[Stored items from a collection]
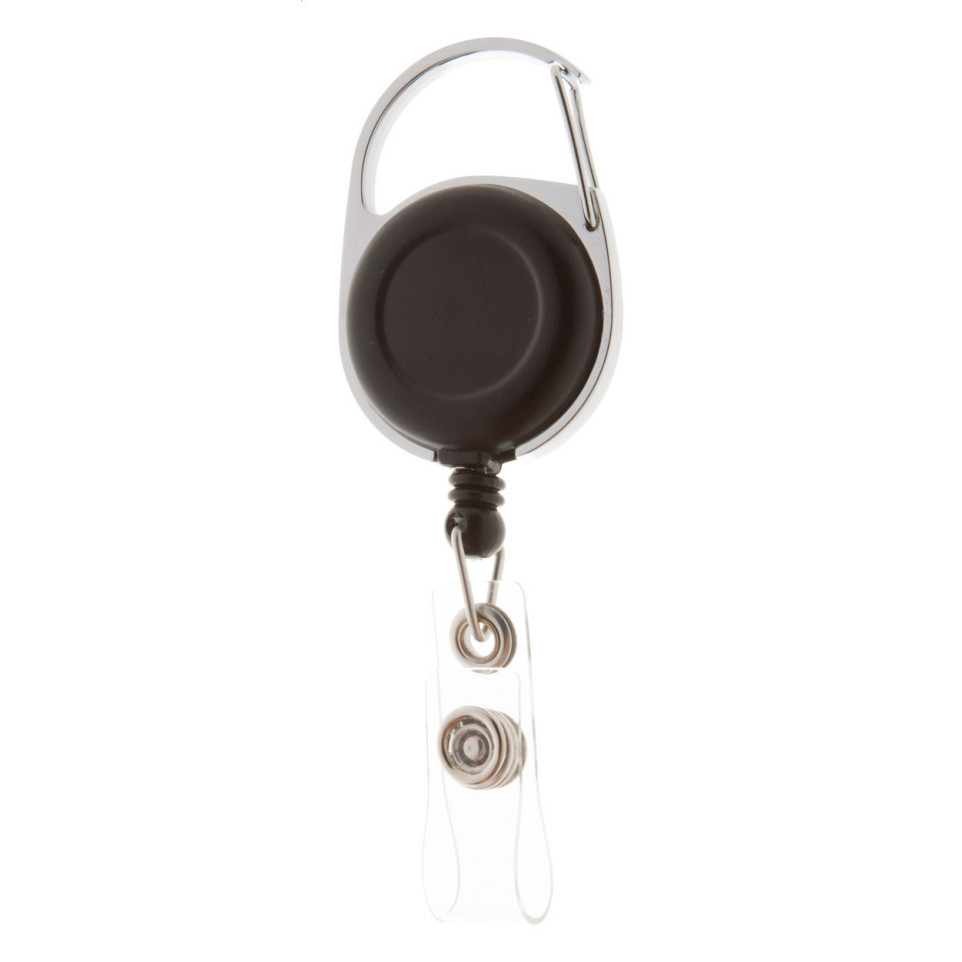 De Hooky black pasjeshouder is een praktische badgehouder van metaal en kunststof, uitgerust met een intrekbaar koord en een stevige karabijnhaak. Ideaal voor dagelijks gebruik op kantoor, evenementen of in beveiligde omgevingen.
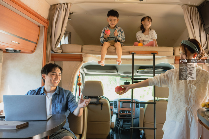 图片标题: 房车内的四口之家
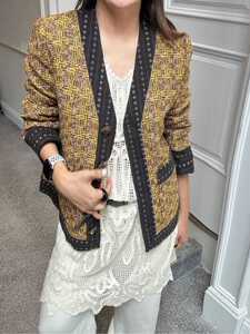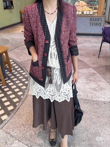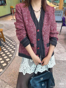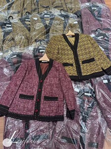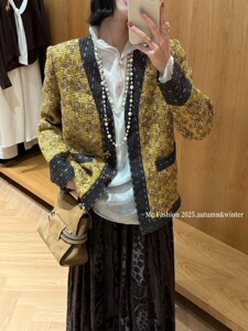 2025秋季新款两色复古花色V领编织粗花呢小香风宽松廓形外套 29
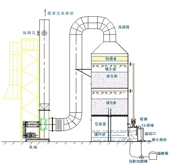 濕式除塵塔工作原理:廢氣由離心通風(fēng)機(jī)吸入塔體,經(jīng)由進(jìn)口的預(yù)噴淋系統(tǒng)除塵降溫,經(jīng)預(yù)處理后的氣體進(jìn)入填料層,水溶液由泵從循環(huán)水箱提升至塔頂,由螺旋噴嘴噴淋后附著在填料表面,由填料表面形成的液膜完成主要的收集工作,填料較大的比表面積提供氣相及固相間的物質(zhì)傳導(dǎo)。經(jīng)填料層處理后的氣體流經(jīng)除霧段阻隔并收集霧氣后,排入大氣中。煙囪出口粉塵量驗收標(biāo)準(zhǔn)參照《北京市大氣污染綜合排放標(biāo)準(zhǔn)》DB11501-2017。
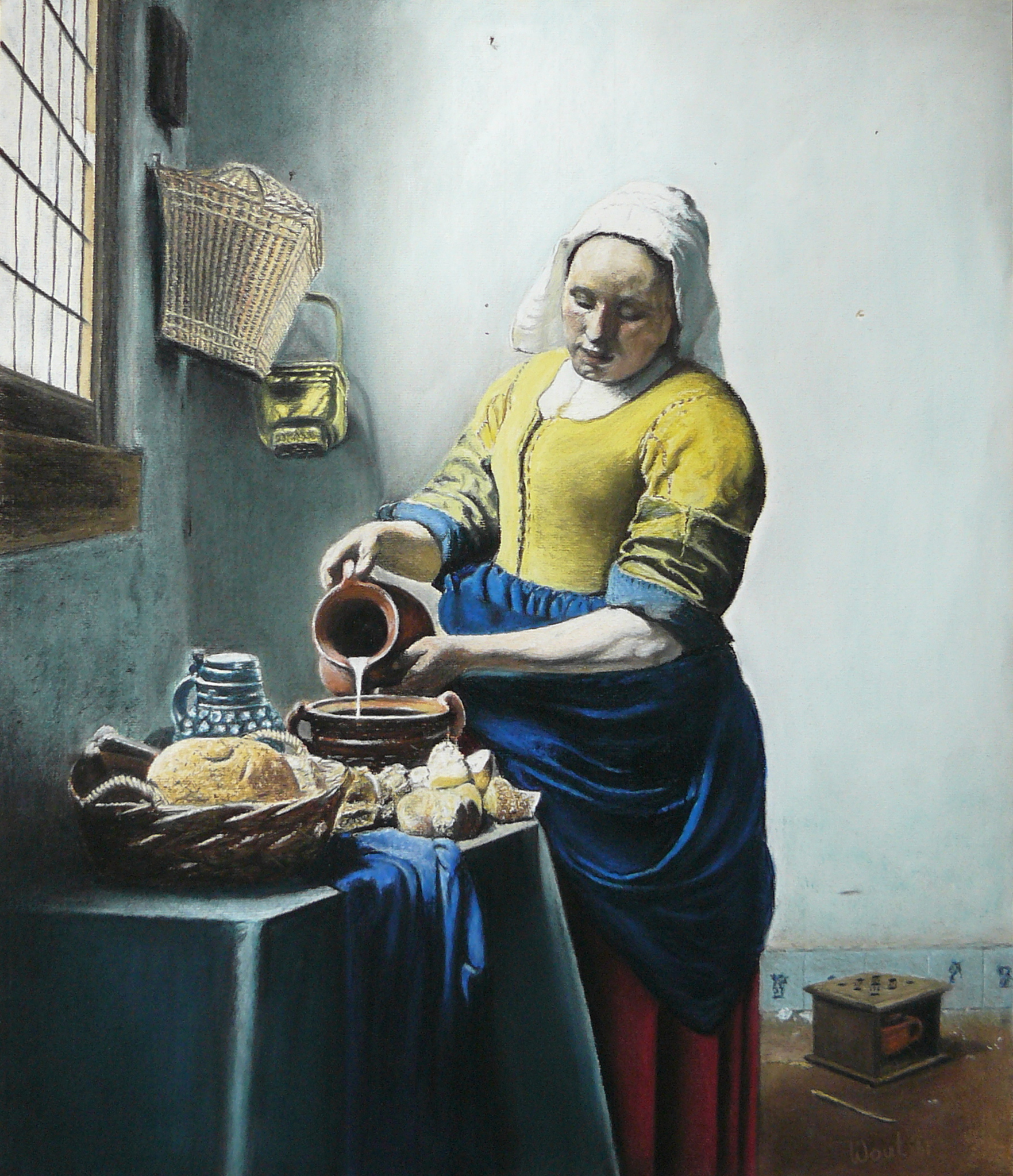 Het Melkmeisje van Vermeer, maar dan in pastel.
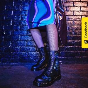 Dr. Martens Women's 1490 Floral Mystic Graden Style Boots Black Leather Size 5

▶ [Requirement]:
With the pictures stripped out, return each record word for word.

▶ [Exercise output]:
 De Hooky black pasjeshouder is een praktische badgehouder van metaal en kunststof, uitgerust met een intrekbaar koord en een stevige karabijnhaak. Ideaal voor dagelijks gebruik op kantoor, evenementen of in beveiligde omgevingen.
 图片标题: 房车内的四口之家
 2025秋季新款两色复古花色V领编织粗花呢小香风宽松廓形外套 29
 濕式除塵塔工作原理:廢氣由離心通風(fēng)機(jī)吸入塔體,經(jīng)由進(jìn)口的預(yù)噴淋系統(tǒng)除塵降溫,經(jīng)預(yù)處理后的氣體進(jìn)入填料層,水溶液由泵從循環(huán)水箱提升至塔頂,由螺旋噴嘴噴淋后附著在填料表面,由填料表面形成的液膜完成主要的收集工作,填料較大的比表面積提供氣相及固相間的物質(zhì)傳導(dǎo)。經(jīng)填料層處理后的氣體流經(jīng)除霧段阻隔并收集霧氣后,排入大氣中。煙囪出口粉塵量驗收標(biāo)準(zhǔn)參照《北京市大氣污染綜合排放標(biāo)準(zhǔn)》DB11501-2017。
 Het Melkmeisje van Vermeer, maar dan in pastel.
 Dr. Martens Women's 1490 Floral Mystic Graden Style Boots Black Leather Size 5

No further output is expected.